Task to carry out: Please copy exactly the line that contains "漠河舞厅吉他谱 - 柳爽 - C调吉他弹唱谱 - 原版" and every line after it through the end of the records, leaving the pictures out.
Information given: Begin
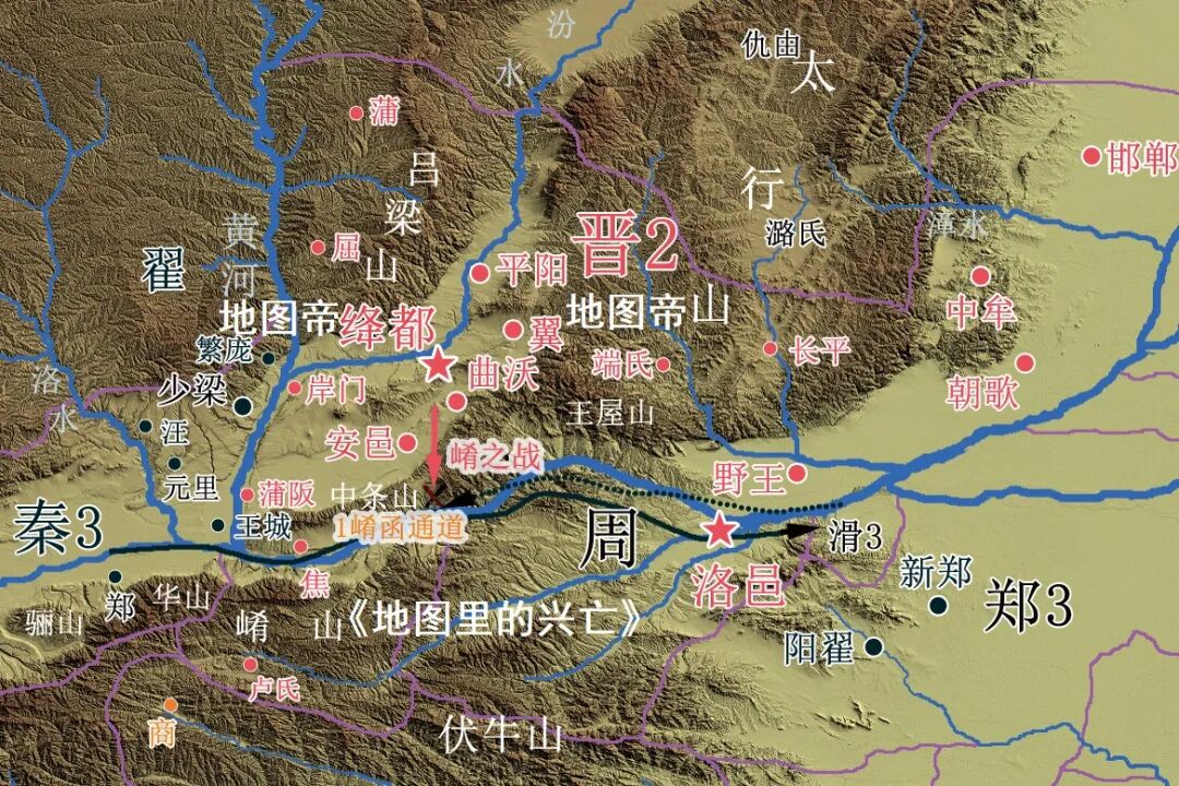 從地勢上講,崤函通道是太行山南部一段東西走向的山體與秦嶺合夾而成的一條走廊,該走廊與黃河流向一致,而黃河北岸正是河東。因此從理論上說,只要河東仍被晉國控制,任何想要進出崤函通道的軍隊都會遭到晉軍的前後夾擊。
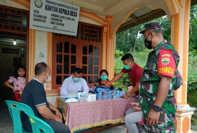 Suara Indonesia News - Nias Selatan. Personil Babinsa Koramil 10/Lolowau Kodim 0213/Nias Sertu Hafit Harianto melaksanakan pendampingan pelaksanaan Kegiatan serbuan Vaksinasi Covid-19 Dosis 1, 2, 3 yang didukung oleh Dinas Kesehatan Kabupaten Nias Selatan bertempat di Desa Orodua Lawa-Lawa...
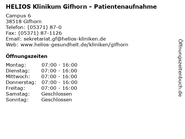 Öffnungszeiten HELIOS Klinikum Gifhorn - Patientenaufnahme
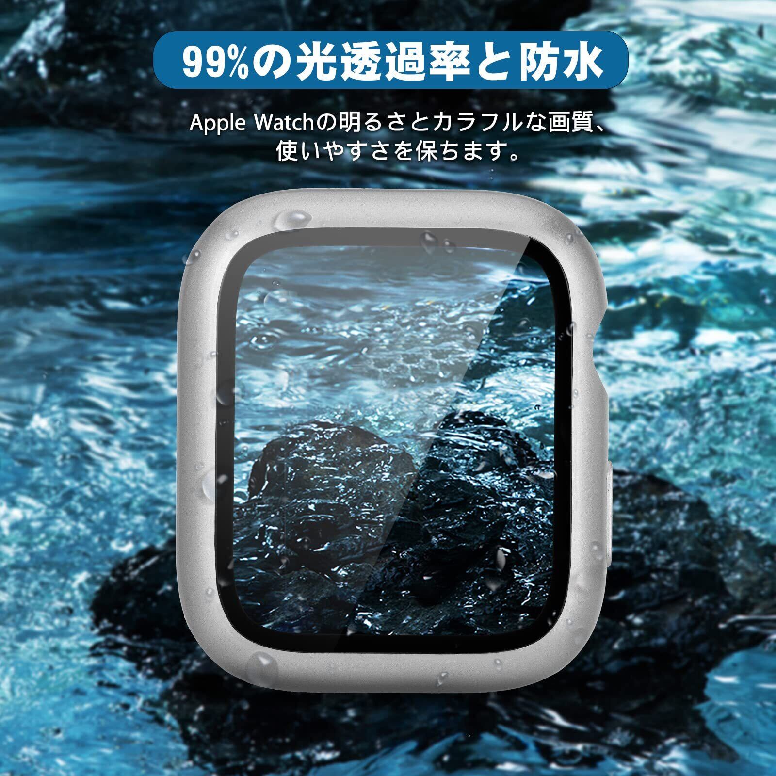CAERMA Apple Watch用 ケース iWatch Series 10/9/8/7/6/5/4/SE2/SE 44mm対応 超薄型 アップルウォッチ用 カバー 防水 硬度9H 強化ガラス 高透過率 高耐久 耐衝撃 全面保護 Apple Watch用 カバー シルバー
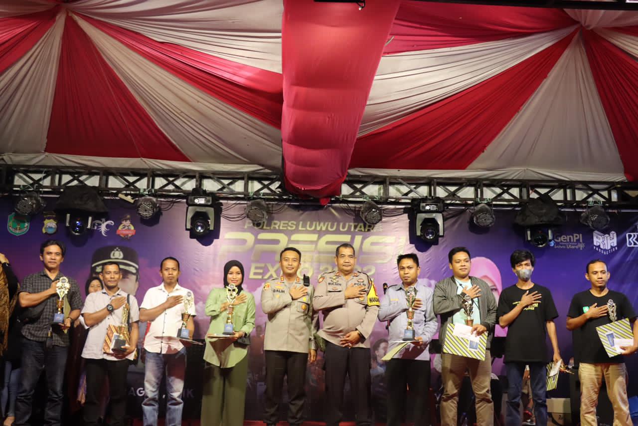 MEDU ONLINE, LUWU UTARA — Dipenutupan kegiatan Polres Luwu Utara Presisi Expo 2022, Kapolres Luwu Utara, Akbp Galih Indragiri menyerahkan hadiah kepada para pemenang lomba, Minggu (4/12/2022) malam.
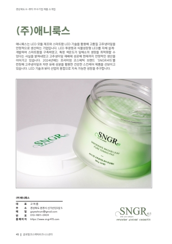 45%uacbd%uc0c1%ubd81%ub3c4 K-%ubdf0%ud2f0 %uc6b0%uc218%uae30%uc5c5 %uc81c%ud488 %uc18c%uac1c%uc9d1%uae00%ub85c%ubc8c%ucf54%uc2a4%uba54%ud2f1%ube44%uc988%ub2c8%uc2a4%uc13c%ud130(%uc8fc)%uc560%ub2c8%ub8e9%uc2a4%ub300 %ud45c%uc8fc %uc18c%uba54 %uc77c%ubc88 %ud638%ud648%ud398%uc774%uc9c0%uace0 %uc5ec %ub984%uacbd%uc0c1%ubd81%ub3c4 %ubb38%uacbd%uc2dc %uc2e0%uae30%uc0b0%ub2e82%uae38 5goyeahrum@gmail.com010-9811-0909https://www.sngr415.com(%uc8fc)%uc560%ub2c8%ub8e9%uc2a4%uc560%ub2c8%ub8e9%uc2a4%ub294 LED %ubaa8%ub4c8 %uc81c%uc870%uc640 %uc2a4%ub9c8%ud2b8%ud31c LED %uae30%uc220%uc744 %ud65c%uc6a9%ud574 %uace0%ud488%uc9c8 %uace0%ucd94%ub0c9%uc774%uc78e%uc744 %uc548%uc815%uc801%uc73c%ub85c %uc0dd%uc0b0%ud558%ub294 %uae30%uc5c5%uc785%ub2c8%ub2e4. LED %ud22c%uad11%ub4f1%uacfc %uc2dd%ubb3c%uc131%uc7a5%ud615 LED%ub97c %uc790%uccb4 %uc124%uacc4%u00b7%uac1c%ubc1c%ud558%uc5ec %uc2a4%ub9c8%ud2b8%ud31c%uc744 %uad6c%ucd95%ud558%uc600%uace0, %ud2b9%uc815 %uc0c9%uc628%ub3c4%uac00 %uc78e%ucc44%uc18c%uc758 %uc0dd%uc7a5%uc744 %ucd5c%uc801%ud654%ud560 %uc218 %uc788%ub2e4%ub294 %uc0ac%uc2e4%uc744 %ubc1d%ud600%ub0b4%uc5c8%uace0 %uace0%ucd94%ub0c9%uc774%uc78e %uc7ac%ubc30%uc5d0 %uc131%uacf5%ud574 %ud604%uc7ac%uae4c%uc9c0 %uc548%uc815%uc801%uc778 %uc0dd%uc0b0%uc744 %uc774%uc5b4%uac00%uace0 %uc788%uc2b5%ub2c8%ub2e4. 2024%ub144%uc5d0%ub294 %ud504%ub9ac%ubbf8%uc5c4 %ucf54%uc2a4%uba54%ud2f1 %ube0c%ub79c%ub4dc %u2018SNGR415%u2019%ub97c %ub7f0%uce6d%ud574 %uace0%ucd94%ub0c9%uc774%uc78e%uacfc %uc790%uc5f0 %uc720%ub798 %uc131%ubd84%uc744 %ud65c%uc6a9%ud55c %uac74%uac15%ud55c %uc2a4%ud0a8%ucf00%uc5b4 %uc81c%ud488%uc744 %uc120%ubcf4%uc774%uace0 %uc788%uc2b5%ub2c8%ub2e4. LED %uae30%uc220%uacfc %ubdf0%ud2f0 %uc0b0%uc5c5%uc758 %uc735%ud569%uc73c%ub85c %uc9c0%uc18d %uac00%ub2a5%ud55c %uc131%uc7a5%uc744 %ucd94%uad6c%ud569%ub2c8%ub2e4.
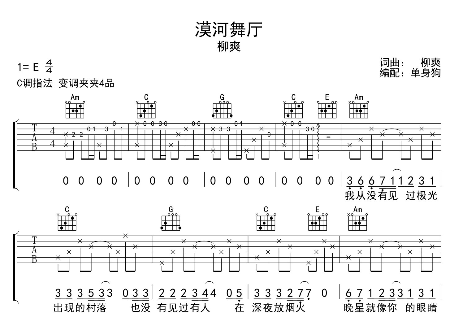 漠河舞厅吉他谱 - 柳爽 - C调吉他弹唱谱 - 原版
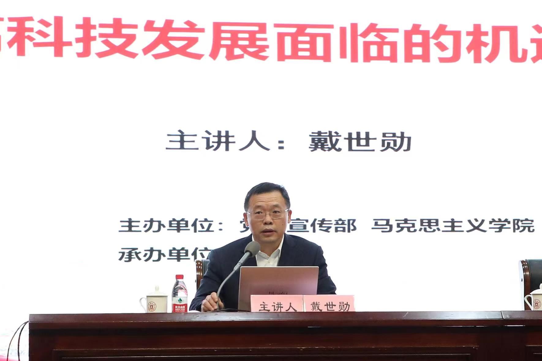 11月29日下午,校党委委员、组织部部长戴世勋在真诚图书馆报告厅为糖心视频 460余名学生讲授“形势与政策”课,糖心视频党委书记史宏协主持。
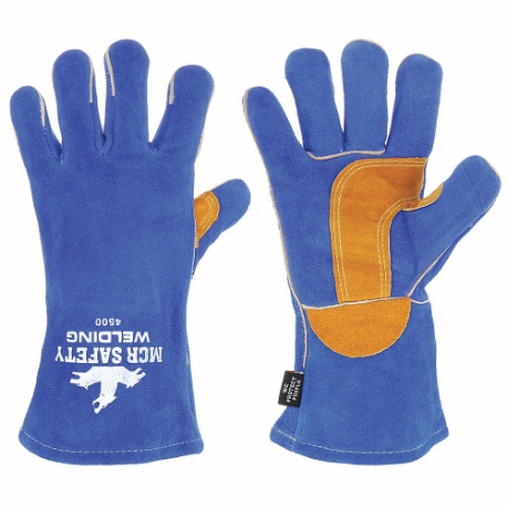 MCR SAFETY 4500L Welding Gloves, Wing Thumb, Gauntlet Cuff, Premium, Blue Cowhide, Safety Welding 4500, B
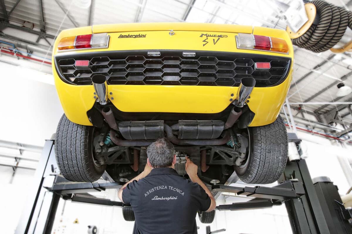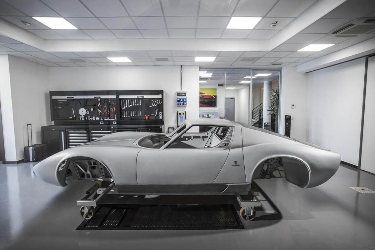 最初のフルレストアとなったシャシーナンバー0121の「350 GT」は、ランボルギーニが初めて生産した車のひとつであり、ボディとインテリアに1150時間、機械および電気系統のチェックに780時間が費やされた。
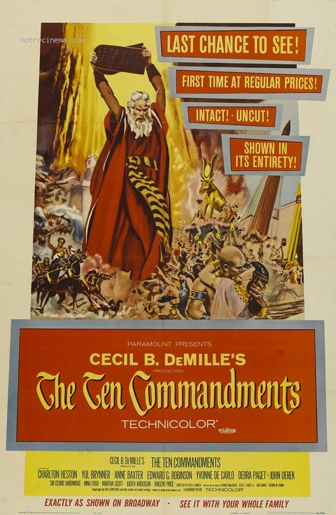 Les Dix Commandements (The Ten Commandments). 1954. Réalisation de Cécile B. de Mille. Distribution : Charltion Heston, Yul Brynner, Edward G. Robinson, Anne Baxter, Vicent Price. Paramount Pictures. Technicolor. 222 min.
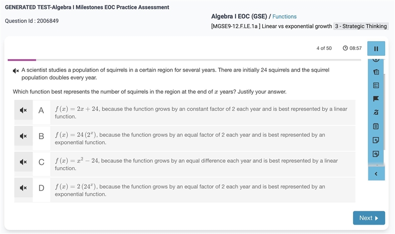 Therefore, the function that best represents the number of squirrels in the region at the end of x years is f(x) = 24 x 2^x.
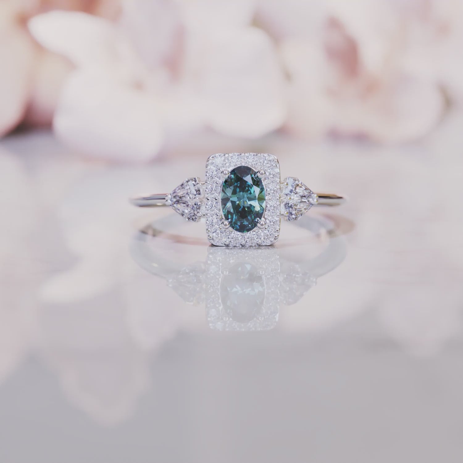 Lernen Sie den Inara kennen, einen modernen Alexandritring, der mit seinem farbwechselnden Glanz und seinem raffinierten Stil glänzt. Mit einem 0,8-karätigen Alexandrit im Ovalschliff, umgeben von einem Kranz aus simulierten Diamanten, ist dieser Ring die perfekte Wahl für Verlobungen, Jubiläen oder den Alltag.
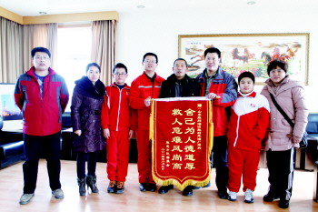不久,曲大爷和家人辗转打听到了周兵、王栋的姓名和工作单位。2月16日,为了当面向救命恩人表达感谢,老人在儿女们的陪伴下,驱车几百公里来到胜采二矿,送来了一面写有“舍己为人道德厚,救人危难风尚高”的锦旗。
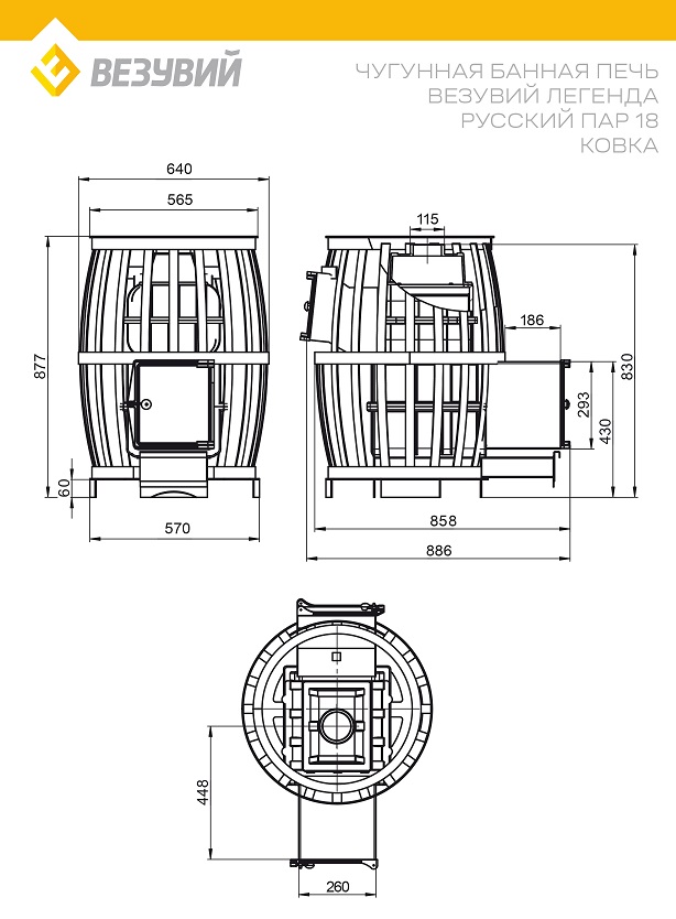 Печь ВЕЗУВИЙ Легенда Русский пар Ковка 18 (270) диаметр дымохода: 115 мм
Information given: End
Answer box:
 漠河舞厅吉他谱 - 柳爽 - C调吉他弹唱谱 - 原版
 11月29日下午,校党委委员、组织部部长戴世勋在真诚图书馆报告厅为糖心视频 460余名学生讲授“形势与政策”课,糖心视频党委书记史宏协主持。
 MCR SAFETY 4500L Welding Gloves, Wing Thumb, Gauntlet Cuff, Premium, Blue Cowhide, Safety Welding 4500, B
 最初のフルレストアとなったシャシーナンバー0121の「350 GT」は、ランボルギーニが初めて生産した車のひとつであり、ボディとインテリアに1150時間、機械および電気系統のチェックに780時間が費やされた。
 Les Dix Commandements (The Ten Commandments). 1954. Réalisation de Cécile B. de Mille. Distribution : Charltion Heston, Yul Brynner, Edward G. Robinson, Anne Baxter, Vicent Price. Paramount Pictures. Technicolor. 222 min.
 Therefore, the function that best represents the number of squirrels in the region at the end of x years is f(x) = 24 x 2^x.
 Lernen Sie den Inara kennen, einen modernen Alexandritring, der mit seinem farbwechselnden Glanz und seinem raffinierten Stil glänzt. Mit einem 0,8-karätigen Alexandrit im Ovalschliff, umgeben von einem Kranz aus simulierten Diamanten, ist dieser Ring die perfekte Wahl für Verlobungen, Jubiläen oder den Alltag.
不久,曲大爷和家人辗转打听到了周兵、王栋的姓名和工作单位。2月16日,为了当面向救命恩人表达感谢,老人在儿女们的陪伴下,驱车几百公里来到胜采二矿,送来了一面写有“舍己为人道德厚,救人危难风尚高”的锦旗。
 Печь ВЕЗУВИЙ Легенда Русский пар Ковка 18 (270) диаметр дымохода: 115 мм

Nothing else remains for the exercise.